I close my eyes. On top of everything else, Dex killed Mum. And Lucy saw. Except . . . how on earth does that fit?
Harry squeezes my shoulder and I open my eyes.
‘Lucy, are you sure?’ I protest. ‘Because Mum’s death was an accident. You know that as well as I do. Uncle Perry found her at the bottom of the cellar steps and said she must have fainted due to her diabetes. You weren’t even there.’
‘I was there. And Uncle Perry lied,’ Lucy says. ‘He faked the blood tests . . . said he’d talked to her about the faints, as her doctor, loads of times including earlier that week. It was all made up in order to avoid a post-mortem.’

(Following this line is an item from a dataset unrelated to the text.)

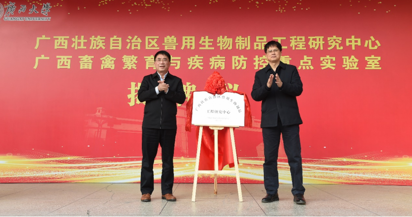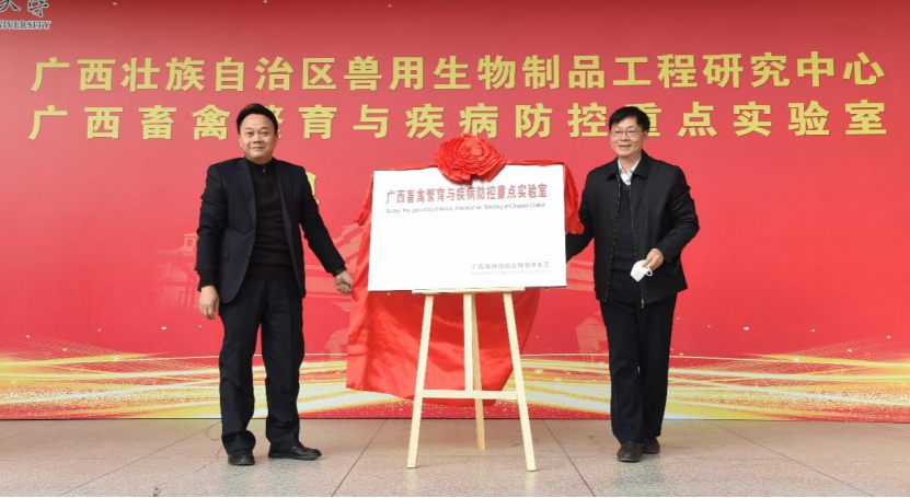 “广西畜禽繁育与疾病防控重点实验室”和“广西壮族自治区兽用生物制品工程研究中心”揭牌成立

I frown. Perry is clearly evil, but I can’t imagine a reason he’d want to cover up the murder of his sister-in-law, a devout Catholic who he liked, for the sake of his dissolute nephew.
‘Why would Uncle Perry—?’
‘Dex blackmailed him about being gay.’
‘Oh.’ I remember the porn I found in Perry’s basement and suddenly it makes sense. Clearly Perry and Dex have had some kind of toxic contract for years: Dex using blackmail to coerce his uncle, then Perry offering hard cash to get Dex to carry out the PAAUL murders.
Harry lets out a low whistle.
‘It’s true,’ Lucy goes on. ‘Dex got angry and pushed Mummy down the stairs. I was there. I saw him do it.’
A shiver runs down my spine. Lucy isn’t safe out there. The police could still be minutes away. I have to find a way to protect her and Ruby until they get here.
‘Okay, Lucy, I listened, just like you wanted. And it’s good you’ve told me . . . we’ll make sure the police know about Mum. We will. But now you really have to hide.’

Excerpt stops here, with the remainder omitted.